### What to do
Within the records below, reproduce without change the lines from the line that has "Квадроцикл Iride KOKS" through the line that has "2 170 hab. (2021 en", and only those.

(Dataset records)
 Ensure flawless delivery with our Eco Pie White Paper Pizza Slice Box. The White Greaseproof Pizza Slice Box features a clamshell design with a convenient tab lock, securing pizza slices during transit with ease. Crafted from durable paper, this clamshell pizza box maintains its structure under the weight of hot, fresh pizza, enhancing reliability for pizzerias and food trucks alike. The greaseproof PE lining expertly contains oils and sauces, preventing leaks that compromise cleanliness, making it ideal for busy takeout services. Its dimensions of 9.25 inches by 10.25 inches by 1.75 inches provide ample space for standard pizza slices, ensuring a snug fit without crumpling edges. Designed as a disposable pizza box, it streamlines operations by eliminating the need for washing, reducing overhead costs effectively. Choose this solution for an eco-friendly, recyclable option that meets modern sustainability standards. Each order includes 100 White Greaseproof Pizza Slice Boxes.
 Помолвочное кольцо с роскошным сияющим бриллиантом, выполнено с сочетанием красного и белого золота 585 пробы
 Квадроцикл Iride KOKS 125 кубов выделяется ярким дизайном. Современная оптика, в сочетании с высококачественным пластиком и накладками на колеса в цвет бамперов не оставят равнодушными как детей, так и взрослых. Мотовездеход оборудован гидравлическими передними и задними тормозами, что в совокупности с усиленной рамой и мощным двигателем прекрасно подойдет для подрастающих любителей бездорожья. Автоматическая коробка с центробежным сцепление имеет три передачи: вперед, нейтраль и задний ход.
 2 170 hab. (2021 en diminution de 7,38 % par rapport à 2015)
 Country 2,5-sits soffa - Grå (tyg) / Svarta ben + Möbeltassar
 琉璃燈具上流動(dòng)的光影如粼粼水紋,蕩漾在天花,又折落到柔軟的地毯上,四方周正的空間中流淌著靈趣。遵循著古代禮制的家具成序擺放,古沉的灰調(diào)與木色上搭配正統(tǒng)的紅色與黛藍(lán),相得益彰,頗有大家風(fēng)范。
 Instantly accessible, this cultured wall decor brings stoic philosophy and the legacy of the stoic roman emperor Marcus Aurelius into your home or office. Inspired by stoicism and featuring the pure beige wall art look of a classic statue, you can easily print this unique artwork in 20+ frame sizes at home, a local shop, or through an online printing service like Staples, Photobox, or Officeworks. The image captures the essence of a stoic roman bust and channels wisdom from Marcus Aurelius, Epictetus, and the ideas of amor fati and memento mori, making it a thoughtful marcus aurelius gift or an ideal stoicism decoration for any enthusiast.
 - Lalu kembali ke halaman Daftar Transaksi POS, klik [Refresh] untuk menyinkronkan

### Written reply
 Квадроцикл Iride KOKS 125 кубов выделяется ярким дизайном. Современная оптика, в сочетании с высококачественным пластиком и накладками на колеса в цвет бамперов не оставят равнодушными как детей, так и взрослых. Мотовездеход оборудован гидравлическими передними и задними тормозами, что в совокупности с усиленной рамой и мощным двигателем прекрасно подойдет для подрастающих любителей бездорожья. Автоматическая коробка с центробежным сцепление имеет три передачи: вперед, нейтраль и задний ход.
 2 170 hab. (2021 en diminution de 7,38 % par rapport à 2015)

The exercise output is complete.